[Data section]
───
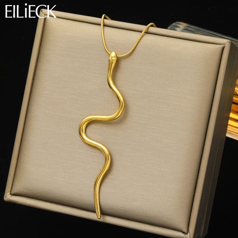 EILIECK 316L Stainless Steel Creative Gold Color Snake Pendant Necklace For Women Girl New Design Waterproof Jewelry Gift Party
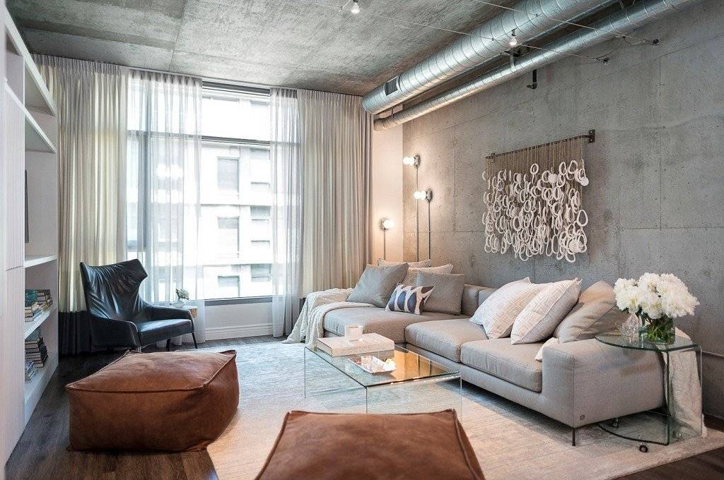 - кирпичная кладка, открытые коммуникации, трубы, голые бетонные поверхности, металлические конструкции;
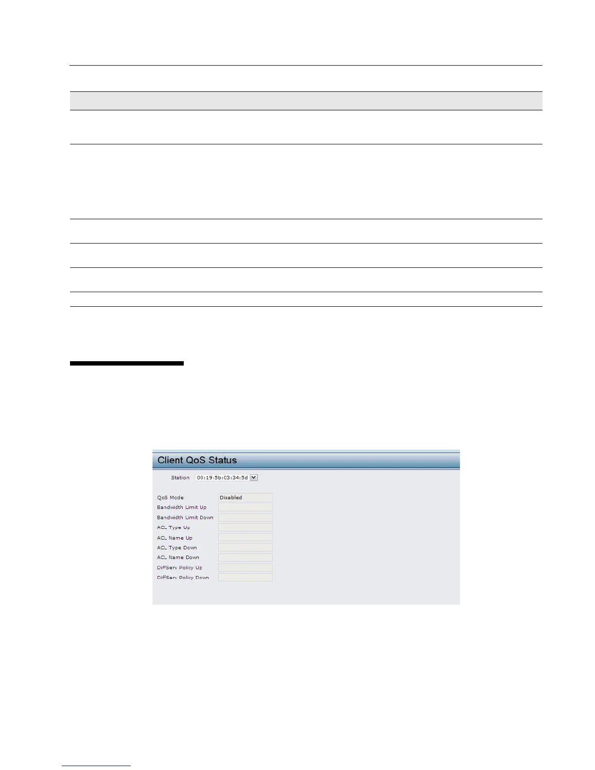 The Client QoS Status page shows the client QoS settings that are applied to each client currently associated with the AP.
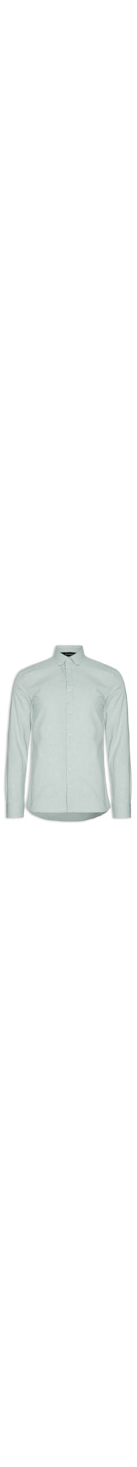 A camisa verde é confeccionada em oxford sem elasticidade. A peça solta ao corpo de modelagem slim possui gola americana, mangas longas com abotoamento nos punhos, logo da marca bordado na altura do tórax, recorte posterior com prega, barra mullet*, efeito mescla e fechamento frontal por botões.
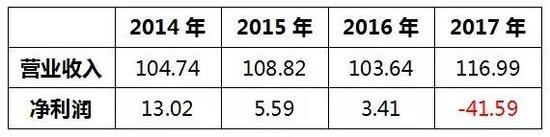 2017年年報顯示,公司2017年營業(yè)收入116.99億元,虧損41.59億元,較上年同期下降-1,318.77%。讓人納悶的是,2017年是近4年營業(yè)收入最高的一年,怎么還虧損近42億元?2014年營業(yè)收入104億元,凈利潤還達到13億元,2015年、2016年營業(yè)收入均在100億元以上,但凈利潤不到2014年的50%,分別為5.59億元、3.41億元。2017年營業(yè)收入創(chuàng)近4年的新高,凈利潤卻往相反方向創(chuàng)新高,巨額虧損近42億元。
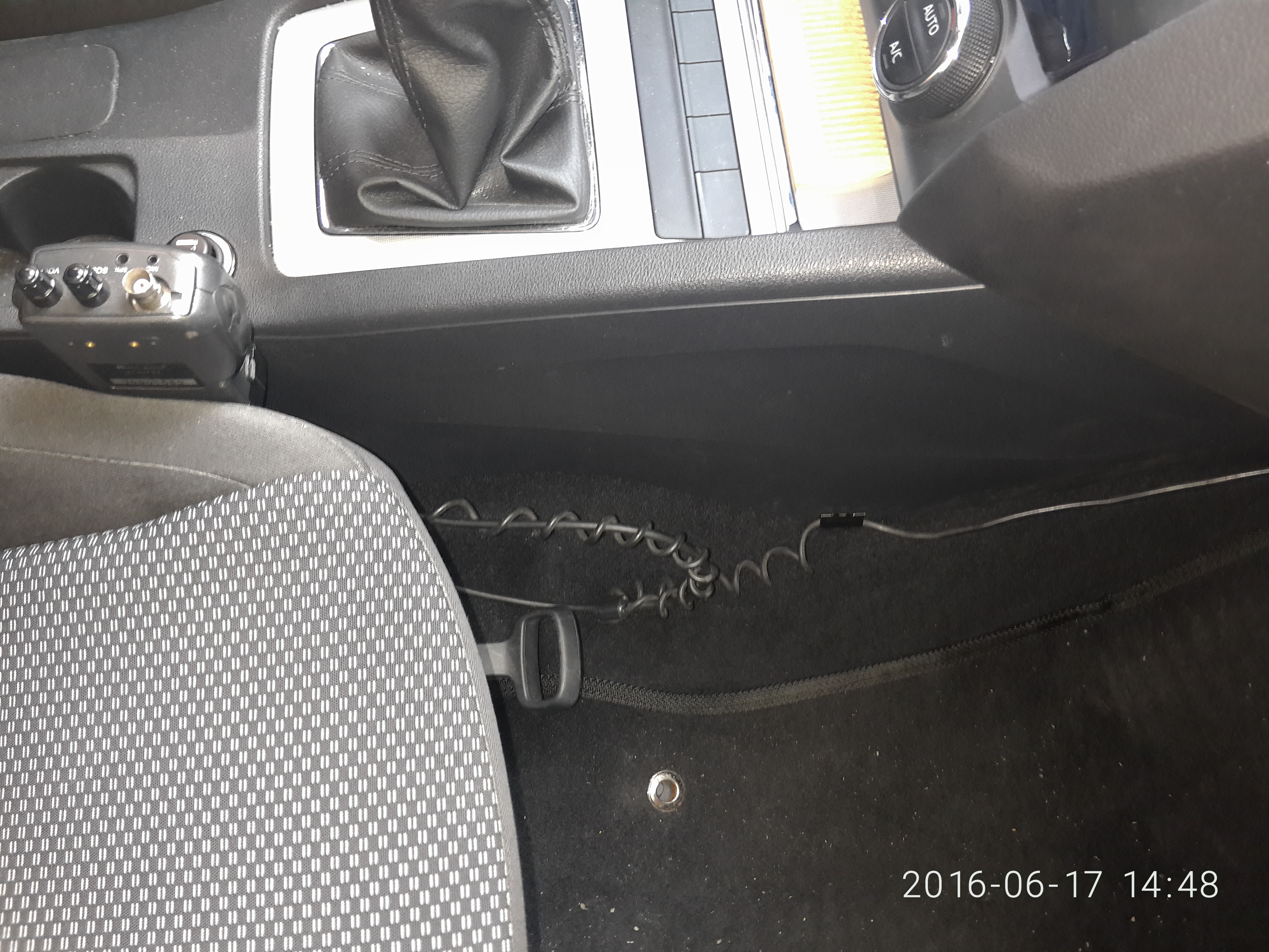Провод питания и антенный кабель никому не мешают и не бросаются в глаза. Со стороны водителя и задних сидений вообще не видны.
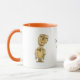 Gespenst eines Genies (Ghost of a Genius) abstract by Swiss-born German artist Paul Klee. Genius looks good on this orange trim coffee mug (other trim colors available). Has phrase: "I'm feeling a bit off today." in grey text opposite handle and ready to personalize if desired. Makes a great gift for a co-worker or boss!
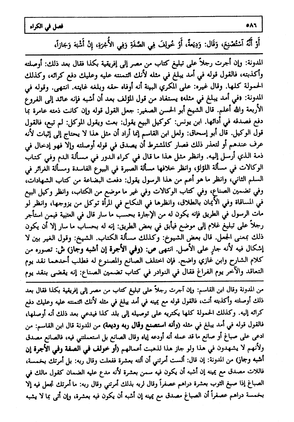 المدونة: وإن أجرت رجلا على تبليغ كتاب من مصر إلى إفريقية بكذا فقال بعد ذلك أوصلته وأكذبته فالقول قوله: في أمد يبلغ في مثله؛ لأنك ائتمنته عليه، وعليك دفع كرائه، وكذلك الحمولة كلها، وقال غيره: على المكري البينة أنه أوفاه حقه، وبلغه غايته انتهى. وقوله: في المدونة: "في أمد يبلغ في مثله" يستفاد من قول المؤلف بعد أن أشبه فإنه عائد إلى الفروع الأربعة والله أعلم. قال الشيخ أبو الحسن الصغير: جعل القول قوله، وإن كانت ذمته عامرة بما دفع فصدقه في أدائها ابن يونس كوكيل البيع يقول: بعت ويقول الموكل: لم تبع فالقول قول الوكيل قال أبو إسحاق: ولعل ابن القاسم إنما أراد أن مثل هذا لا يحتاج إلى إثبات؛ لأنه عرف عندهم أو لتعذر ذلك فصار كالمشترط أن يصدق في قوله: أوصلته، وإلا فهو إدخال في ذمة الذي أرسل إليه وانظر مثل هذا ما قال في كراء الدور في مسألة الدم، وفي كتاب الوكالات في مسألة اللؤلؤ وانظر خلافها مسألة الصبرة في البيوع الفاسدة ومسألة الغرائر في السلم الثاني، وانظر ما هو أعم من هذا الرسول يقول: دفعت البضاعة من كتاب الشهادات، وفي تضمين الصناع، وفي كتاب الوكالات، وفي غير ما موضع من الكتاب وانظر وكيل البيع في المساقاة، وفي الأيمان بالطلاق، وانظرها في النكاح في المرأة توكل من يزوجها، وانظر لو مات الرسول في الطريق فإنه يكون له من الإجارة بحسب ما سار قال في العتبية فيمن استأجر رجلا على تبليغ غلام إلى موضع فيأبق في بعض الطريق: إنه له بحساب ما سار إلا أن يكون ذلك بمعنى الجعل قال بعض الشيوخ، وكذلك مسألة الكتاب الشيخ وقول الغير بين لا إشكال فيه؛ لأنه جار على الأصل انتهى. ص: (وفي الأجرة إن أشبه وجاز) ش: تصوره من كلام الشارح وابن غازي واضح، فإن اختلف الصانع والمصنوع له فطلب أحدهما نقد يوم التعاقد، والآخر يوم الفراغ فقال في النوادر في كتاب تضمين الصناع: إنه يقضي بنقد يوم
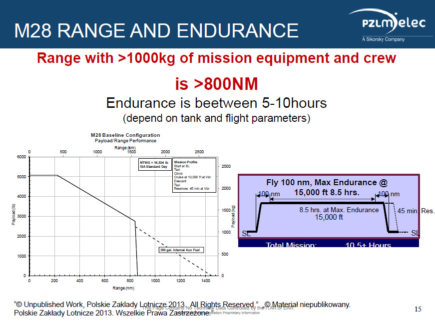 In the past, PZL Mielec has touted the M28, broadly, as having “best in class distance per payload STOL [short takeoff and landing] capability,” as well as a range of up to 800 nautical miles with as much as 1,000 kilograms, or around 2,200 pounds, of mission equipment installed. That company has also said the design has operational endurance of between five and 10 hours, depending on fuel load and flight profile.
───
[Problem statement] The answer should consist only of the lines above from the one with "- кирпичная кладка, открытые" through the one with "Gespenst eines Genies", repeated exactly, with no pictures among them.

[Solution to this task]
 - кирпичная кладка, открытые коммуникации, трубы, голые бетонные поверхности, металлические конструкции;
 The Client QoS Status page shows the client QoS settings that are applied to each client currently associated with the AP.
 A camisa verde é confeccionada em oxford sem elasticidade. A peça solta ao corpo de modelagem slim possui gola americana, mangas longas com abotoamento nos punhos, logo da marca bordado na altura do tórax, recorte posterior com prega, barra mullet*, efeito mescla e fechamento frontal por botões.
 2017年年報顯示,公司2017年營業(yè)收入116.99億元,虧損41.59億元,較上年同期下降-1,318.77%。讓人納悶的是,2017年是近4年營業(yè)收入最高的一年,怎么還虧損近42億元?2014年營業(yè)收入104億元,凈利潤還達到13億元,2015年、2016年營業(yè)收入均在100億元以上,但凈利潤不到2014年的50%,分別為5.59億元、3.41億元。2017年營業(yè)收入創(chuàng)近4年的新高,凈利潤卻往相反方向創(chuàng)新高,巨額虧損近42億元。
Провод питания и антенный кабель никому не мешают и не бросаются в глаза. Со стороны водителя и задних сидений вообще не видны.
 Gespenst eines Genies (Ghost of a Genius) abstract by Swiss-born German artist Paul Klee. Genius looks good on this orange trim coffee mug (other trim colors available). Has phrase: "I'm feeling a bit off today." in grey text opposite handle and ready to personalize if desired. Makes a great gift for a co-worker or boss!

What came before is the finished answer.